Provided data:

*-*-*

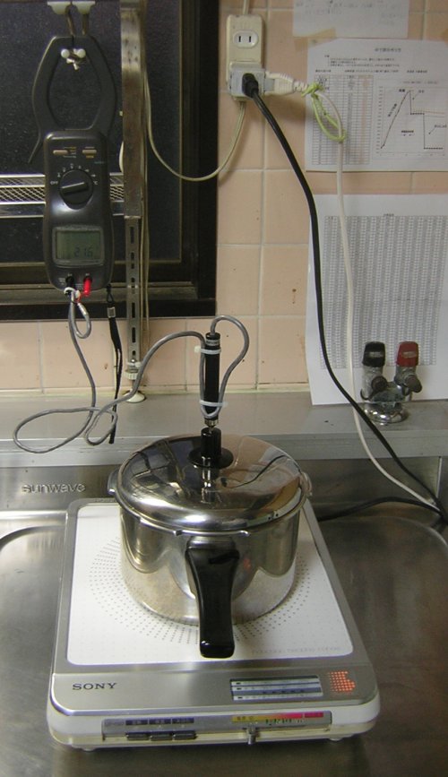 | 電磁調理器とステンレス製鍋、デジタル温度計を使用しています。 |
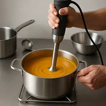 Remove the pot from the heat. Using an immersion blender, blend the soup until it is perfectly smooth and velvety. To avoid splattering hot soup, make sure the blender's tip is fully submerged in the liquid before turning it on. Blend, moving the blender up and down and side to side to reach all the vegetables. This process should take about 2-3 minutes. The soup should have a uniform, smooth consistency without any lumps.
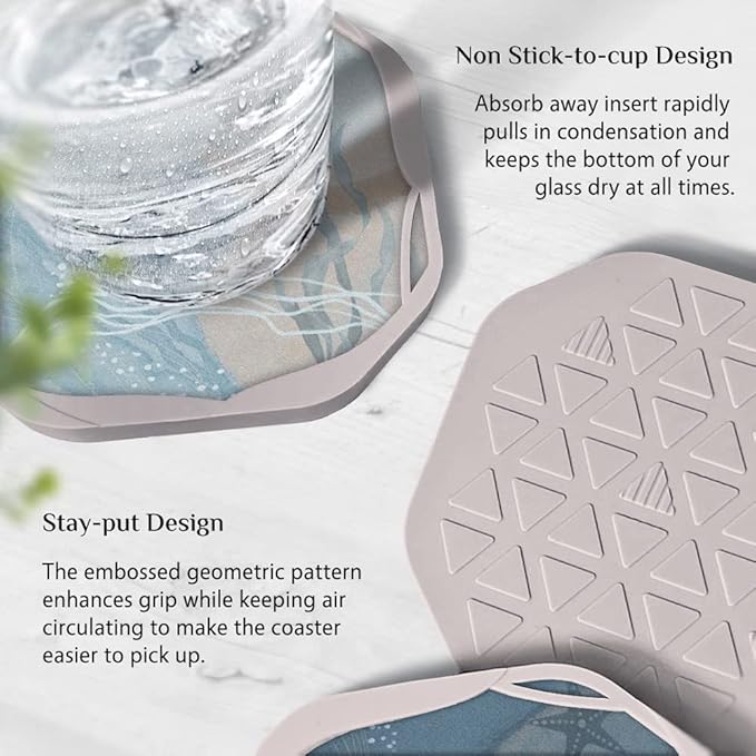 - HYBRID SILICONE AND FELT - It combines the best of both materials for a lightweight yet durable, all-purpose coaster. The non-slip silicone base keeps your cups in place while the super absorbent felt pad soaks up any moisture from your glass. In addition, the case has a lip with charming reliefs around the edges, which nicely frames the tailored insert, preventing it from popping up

*-*-*

Skip every picture, and give the rest of the material above again exactly.

Output for this exercise:
 | 電磁調理器とステンレス製鍋、デジタル温度計を使用しています。 |
 Remove the pot from the heat. Using an immersion blender, blend the soup until it is perfectly smooth and velvety. To avoid splattering hot soup, make sure the blender's tip is fully submerged in the liquid before turning it on. Blend, moving the blender up and down and side to side to reach all the vegetables. This process should take about 2-3 minutes. The soup should have a uniform, smooth consistency without any lumps.
 - HYBRID SILICONE AND FELT - It combines the best of both materials for a lightweight yet durable, all-purpose coaster. The non-slip silicone base keeps your cups in place while the super absorbent felt pad soaks up any moisture from your glass. In addition, the case has a lip with charming reliefs around the edges, which nicely frames the tailored insert, preventing it from popping up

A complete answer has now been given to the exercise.